Foreword to Arthur Pap,

Semantics and Necessary Truth

 Brand Blanshard

This book seems to me the most thorough study of its subject in the English language. That the subject is technical and exacting will be conceded by anyone who sits down to the book seriously. Is the problem worth the effort on the part of the writer and the reader?  It is undoubtedly.  Philosophers have come to see more clearly than ever before that the problem is central not only to logic and the theory of knowledge, but to metaphysics also.  It may be well to develop this a little, not for the sake of the specialist, but for the sake of students who may approach the problem without previous acquaintance with it. 

Speculative philosophers of the past have placed their chief reliance on a faculty or process called “reason.”  It was supposed to provide an insight different in type from perception or common sense or natural science, and to be far greater in sweep and certainty.  Indeed it made philosophy possible.  The thinker who had command of it was in need of nothing more except a limited experience and an armchair.  It was true that instruments and experiments were necessary if one were to enter the world of science, but if one wanted the fundamental truth even about that—about how it came into being, what stuff it was made of, what was the ultimate pattern on which it was put together, how our minds were related to it—the right course was to sit down with such knowledge as one had and use one’s “reason” on it.  That knowledge was of course fragmen-tary, but by reason we could interpret it and round it out into a consistent whole of theory.

The great metaphysicians all did this.  St.

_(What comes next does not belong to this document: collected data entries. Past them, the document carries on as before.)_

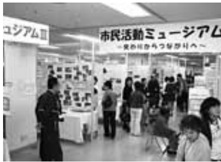
市民協働推進の観点から職員力の向上が求められる

【答】前年度より4.9%増加の95.5%となる見込みで、内訳の主なものは人件費28%、公債費16.9%、扶助費11.7%となっており、今後も上昇傾向が続くものと推計している。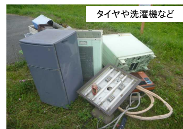
タイヤや洗濯機など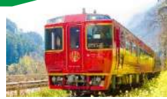
四国まんなか千年ものがたり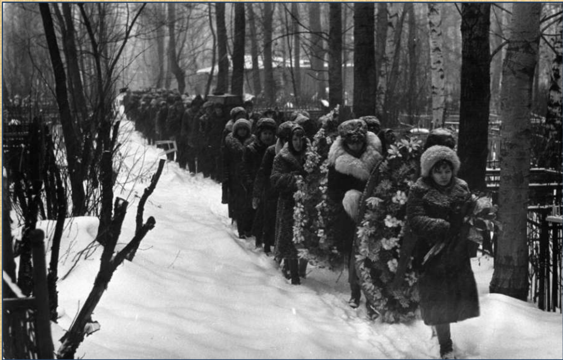
Похороны Андрея Лысенко. 1981год.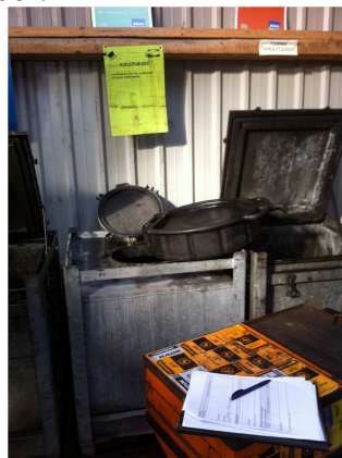
Beholdere med diverse væsker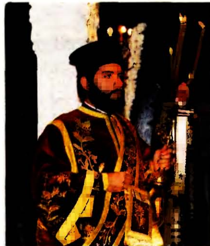
Греческое архиерейское богослужение. Архидиакон с трикирием

он награжден ею), митру ; как архипастырь архиерей имеет архипастырский жезл (в рус. традиции украшается сулком ; в поздней греч. практике сулком украшают свои жезлы председатели Поместных Церквей; в РПЦ Патриарх, как правило, служит с особым жезлом без сулка); как монах архиерей облачается также в монашеские одежды, из них богослужбное значение имеют архиерейская мантия , клобук или куколь , у Патриарха — второй параман ( Дмитриевский . Ставленник. С. 265–329). В греч. практике дикирий и три-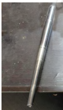
تصویر ۱۸- میل انگشتر

حلقه نمره، میل سائز و میل انگشتر: حلقه نمره برای اندازه‌گیری سائز انگشت و میله سائز برای اندازه‌گیری سائز انگشتر مورد استفاده قرار می‌گیرند. میله انگشتر فولادی نیز به‌منظور ثابت نگه‌داشتن انگشتر در حین جا انداختن نگین روی انگشتر استفاده می‌شود.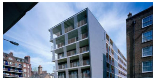
Рисунки 4. Anthony House. Fraser Brown MacKenna Architects. Лондон

В скандинавских странах правительство подходит к вопросу социального жилья другими способами. Финляндия – путем проведения национальных конкурсов. Примером может служить конкурс на проект и строительство социального жилья в городе Порвоо, по условиям которого нужно было построить жилье базовой комплектации. Цель проекта – предоставить нуждающимся муниципальные дома, архитектурно более привлекательные, чем в существующие выполненные по индивидуальным проектам. В последствие это позволит людям, проживающим в этом комплексе, обрести психологическую и эмоциональную стабильность, так как повысит их социальный статус и даст использовать дом как начало нового этапа в жизни (Рис.5) [3].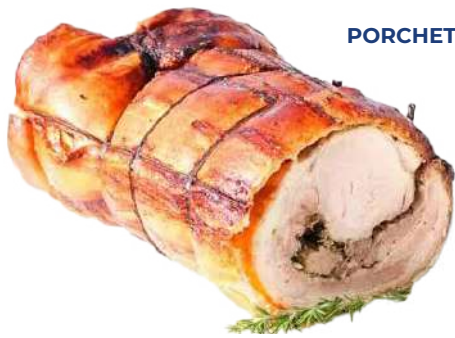
DENTICO PORCHETTA DI ARICCIA [IGP]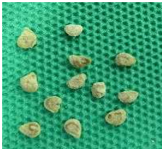
ミニトマトの種 （種の大きさ） 長さ3～4mm あつさ0.8mm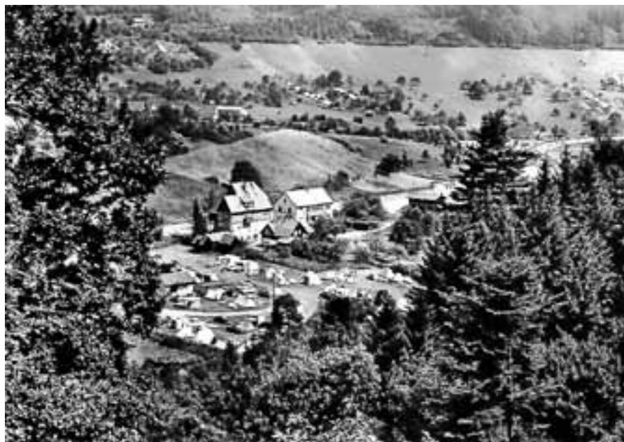
Bei genauem Hinsehen kann man erahnen, wo das Bild aufgenommen wurde. Was darauf zu sehen ist, erfahren die Teilnehmer der Ortsbegehung.

Überraschenderweise ließen sich bei intensiver Recherche interessante Bezüge finden. So dürfen die Besucher gespannt sein, was Obertsrot zum Beispiel mit Frankreich, Italien und sogar dem Orient zu tun hat. Es werden Originalschauplätze besucht, Gebäude, Menschen und Pflanzen in den Mittelpunkt gerückt.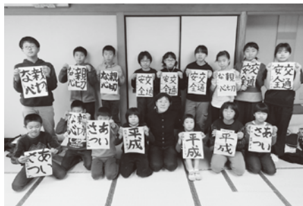
伊方会場(1月5日 中央公民館)の様子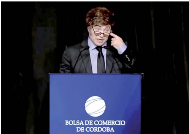
Javier Milei expuso ayer en la Bolsa de Comercio de Córdoba

En su segunda visita en dos meses a la ciudad de Córdoba y la cuarta desde el inicio de su gestión, el presidente Javier Milei usó una hora y media para describir los “logros” de su gestión, mechándolos con agravios a quienes lo cuestionan. “Me convertí en un portador de buenas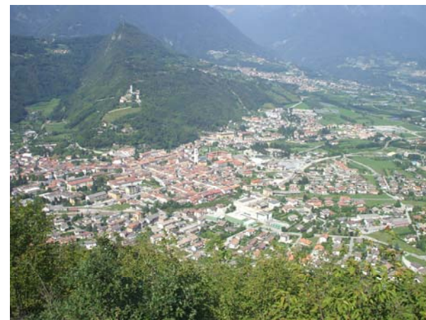
Veduta di Borgo Valsugana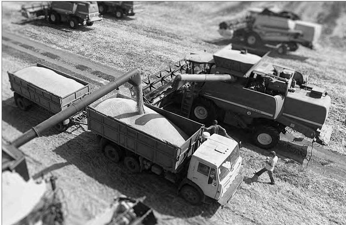
Одинадцятий рік Хмельниччина посідає провідні місця з урожайності зернових. Серед тих, у кого рекордні намототи, господарства Чемеровецької громади. Значна частина зібраного готова до експорту.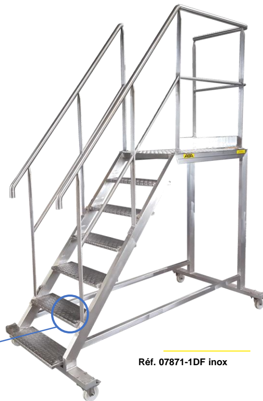
Réf. 07871-1DF inox

Appui : Sur essieux (selon hauteur de plate-forme), avec roues pivotantes à frein à l'avant (Ø 100 mm) et roues fixes à l'arrière (Ø 100 mm).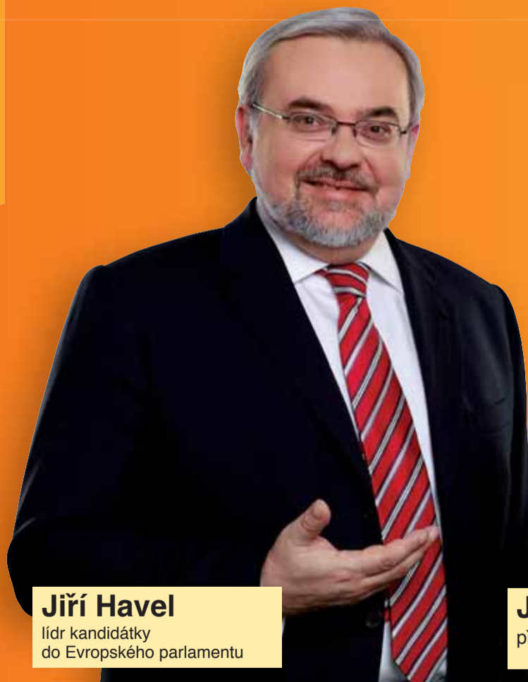
Jiří Havel lídr kandidátky do Evropského parlamentu

Thomas saw, or thought he saw, that given the frame of things disclosed by common experience, it must have been created by a Deity with such and such attributes.  Descartes held that from the existence of his own thought he could infer with certainty the nature of man, the world, and God.  Spinoza, starting with the belief in substance, undertook to spin out in Euclidian fashion a complete metaphysical system; and Hegel, Bradley, Royce, and McTaggart repeated the cosmic deduction, each in his own way.  They all relied on necessary truths and necessary reasoning.  And by a necessary truth they meant more than one that was merely true; it had to be true; we could see that it could not be other than true.  That is what made it so compelling.  Crows might, for all we could see, have been flamingo-colored; hydro-gen sulphide might have had the odor of gardenias; but two and two could not have been anything but four.  If philosophy would only hold itself on the straight track of necessity, proceeding from necessary starting points through necessary deductions to conclusions that were therefore necessary, it could arrive at a view of the world that would have the clearness and cogency of a mathematical demonstration.

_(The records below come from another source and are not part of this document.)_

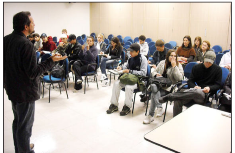
Turma foi recepcionada no auditório da Certel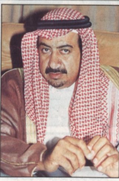
فهد بن معمر

الطائف - أحمد حسن الزهراني: معالي محافظ الطائف رئيس اللجنة العامة للتنشيط السياحي الأستاذ فهد بن عبدالعزيز بن معمر تحدث لـ الرياض، حضرته ووضوحه المعهود حيث وضع النقاط على الحروف وأجاب على الكثير من التساؤلات والملاحظات كعادته بقلب مفتوح فيما يلي نص الحديث: معالي المحافظ، يحل في كل عام صاحب السمو الملكي الأمير عبد الله بن عبدالعزيز نائب خادم الحرمين الشريفين في زيارة تفقدية للطائف تحمل كل الخير للطائف وهي فرحة غامرة لأهالي الطائف حاضرة المدينة بكافة المسؤولين، وقد حظيت هذه المدينة بمشروعات تنموية نفذت على أعلى المستويات في مجال التعليم والصحة والكهرباء والهاتف والطرق والمياه وأبرزها وضع حجر الأساس لكلية الطب بفرع جامعة أم القرى بالطائف والتي مقرها قصر الملك سعود بالحوية والذي أمده سموه لوزارة التعليم العالي وبعد الانتقال لهذا المقر بعد تسييره صدرت أوامر خادم الحرمين الشريفين بالتنشيط السياحي في الطائف التي بدأت الدراسة بها مطلع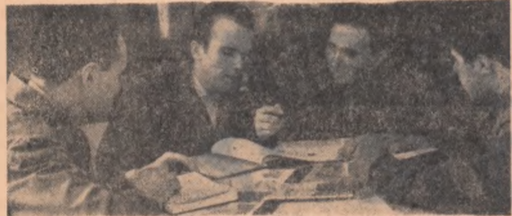
Împreună cu interlocutori ai anchetei noastre la Uzina de mașini electrice

Deschizând, în urmă cu citva timp, coloanele ziarului unei largi anchete care să ducă la definirea profilului social-moral al tinerei noastre generații, am primit la redacție sute de scrisori de tineri din cele mai diferite sectoare de activitate. Răspunsurile au în nota lor esențială un consens unanim: a fi tânăr înseamnă a munci. Propoziția aceasta cu acoperirea totală a unei lapidare definiții este cel mai generos reper al raportării noastre permanente. „A fi tânăr înseamnă a munci — aceasta e convingerea mea și a generației mele” — ne scrie unul dintre corespondenții noștri.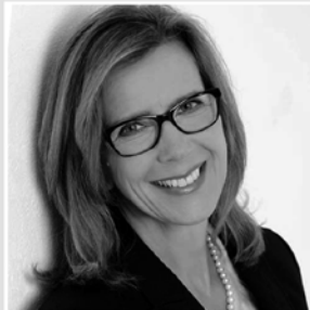
MARTINA WESSELING IMMOBILIEN

Elke Posch, Hilgen 109, 83539 Pfaffing, 0178-3896980, www.stoffstueberl.de , info@stoffstueberl.de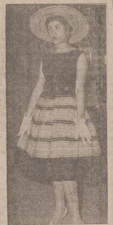
Jovial conjunto de verano. Cuerpo negro y falda blanca, negra, amarilla y encarnada. Como nota original de este conjunto adviértase el tejido de la falda imitando paja.

ticular, su influencia llega hasta los modelos de confección. Para 1958 ha lanzado dos tipos de silueta: la mujer-niña y la mujer-fatal. La primera viste con falda corta, talle alto, y escote prudente... y la segunda descubre su rodilla al draparse el bajo y viste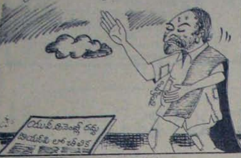
(నవంబరు 3వ తేదీ)

గాంధీ భుజ్జిత కేతమా భజి! వెనకంకోరిత నుశుమా భజి! సామ్యవాసం, రామకావ్యం సంభవించే కాలమా...!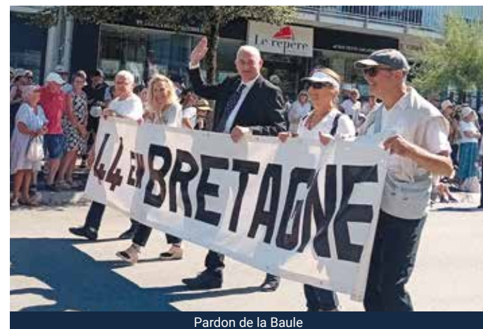
Pardon de la Baule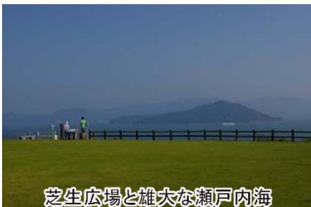
芝生広場と雄大な瀬戸内海

また、昭和63年に設立された、四国唯一のワイン工場もあり、ガラス越しにワインの製造工程を見学できるほか、ワインの試飲・購入もできます。大串半島東側には、無料開放されている海釣り公園があります。瀬戸内海を眺めながらの最高の釣りが楽しめます。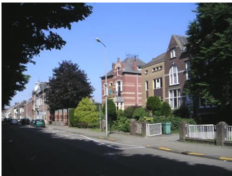
Westzijde Biest tegenover kasteel

That we do possess occasional insights of this kind seems clear enough.  But there is something mysterious about our having them at all.  Why it is that in some matters a thousand unbroken instances of A’s being B still leaves us less than sure that it will be so tomorrow, while in others a single case will give us certainty?  We cannot be wholly sure that the sun will rise tomorrow; it is quite conceivable that it should explode or that some meteor should abolish the earth before there is any morrow.  But we do know with certainty that whether we have a morrow or not, any two planets and any other two will still make four.  How do we come by this certainty about times and places that outrun our experience?

Philosophers have been puzzled by this problem for more than two thousand years.  Readers of the Platonic dialogues will recall that Socrates was already aware both of the existence of such knowledge and of the difficulty of accounting for it.  The most dramatic demonstration on record of the existence of a priori knowledge is the familiar incident in the Meno in which Socrates, on a walk by the seaside, calls to an unlettered slave boy and, with the aid of a figure drawn in the sand and a little timely nudging, gets him to establish a geometrical theorem that he had never learned or heard of.  Socrates suggested—how much in earnest it is hard to say—that such insight must be accounted for through the retention of knowledge gained in an earlier life.  But this only puts the problem one step back, for the puzzle would still remain: how in this earlier existence could we have arrived at certainty from a limited experience?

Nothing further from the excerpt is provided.